Hemolytic assay, bacterial adhesion to hydrocarbons (BATH) assay, drop collapse assay, oil spreading assay, emulsification assay and surface tension measurement were compared for their reliability and ease of use to screen biosurfactant producing bacteria. 105 bacterial strains were screened for their biosurfactant production. Results from screening methods revealed that hemolytic and BATH assays are not reliable methods to check biosurfactant production because hemolytic assay relies on lysis of blood cells, which can be caused by compounds produced by microbes other than the biosurfactants. In that case hemolytic assay may include strains that do not produce biosurfactant.

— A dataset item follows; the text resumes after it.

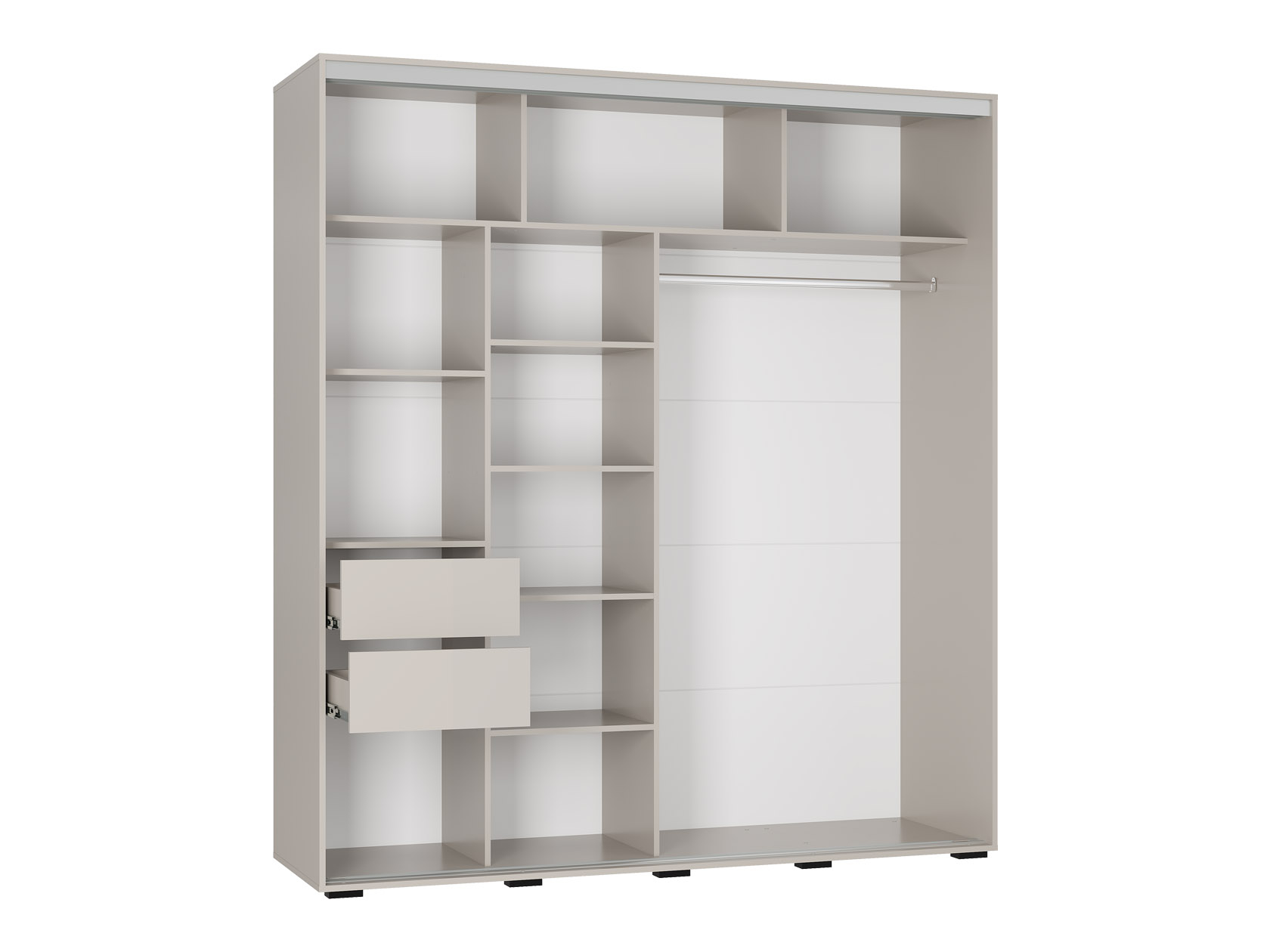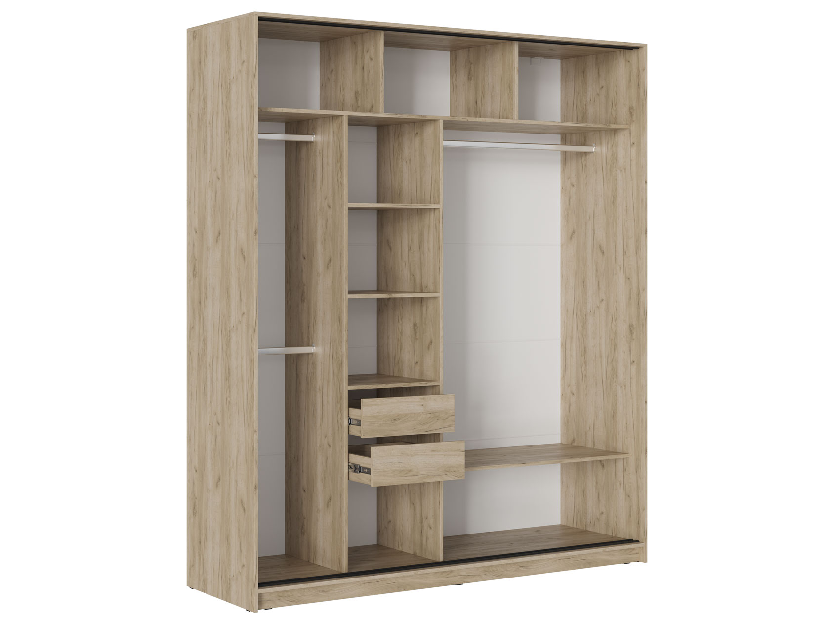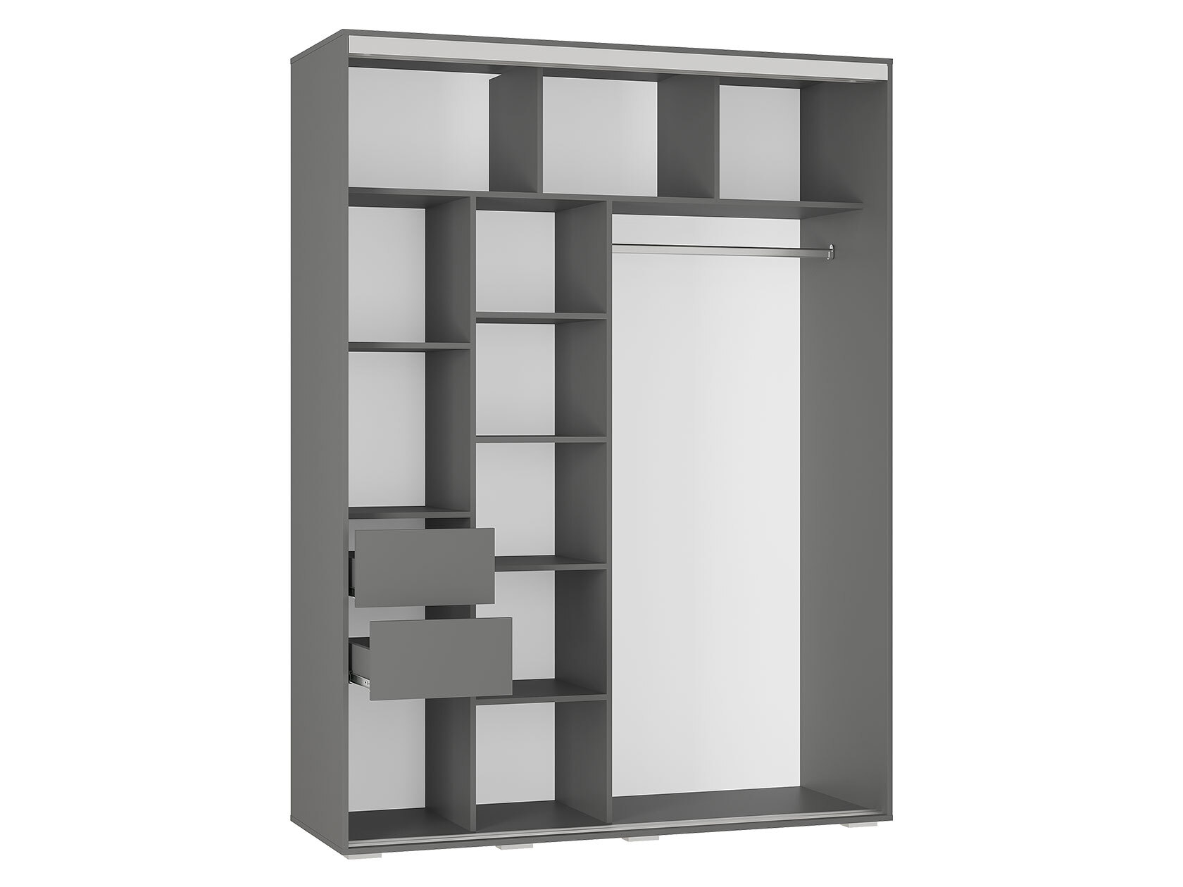 Модель привлекает не только внешним видом, но и внутренней организацией. Большая ниша со штангой для одежды на плечиках, удобные полки для сложенных вещей, а также ящики, позволяющие аккуратно разместить мелкие предметы — от белья до украшений

BATH assay relies on hydrophobicity or adherence of cells with hydrophobic compounds. Results obtained in BATH assay for three bacterial isolates, Branhamella catarrhalis, Citrobacter intermedius and Klebsiella ozaenae were positive, but when the same isolates screened for drop collapse, oil spreading, and surface tension measurement the results were negative. This indicates that these bacterial cells are either acting as biosurfactant themselves (cell surface) or they don’t have the ability to produce biosurfactants. In conclusion, drop collapse and oil spreading assays are reliable methods to screen large number of samples. However, for confirmation surface tension measurement can be used at the end. Another interesting finding in this study was the use of crude oil as hydrophobic substrate for the isolation of biosurfactant producing bacterial strains; this approach may be useful during the initial isolation of biosurfactant producing bacteria to reduce the number of strains to be screened.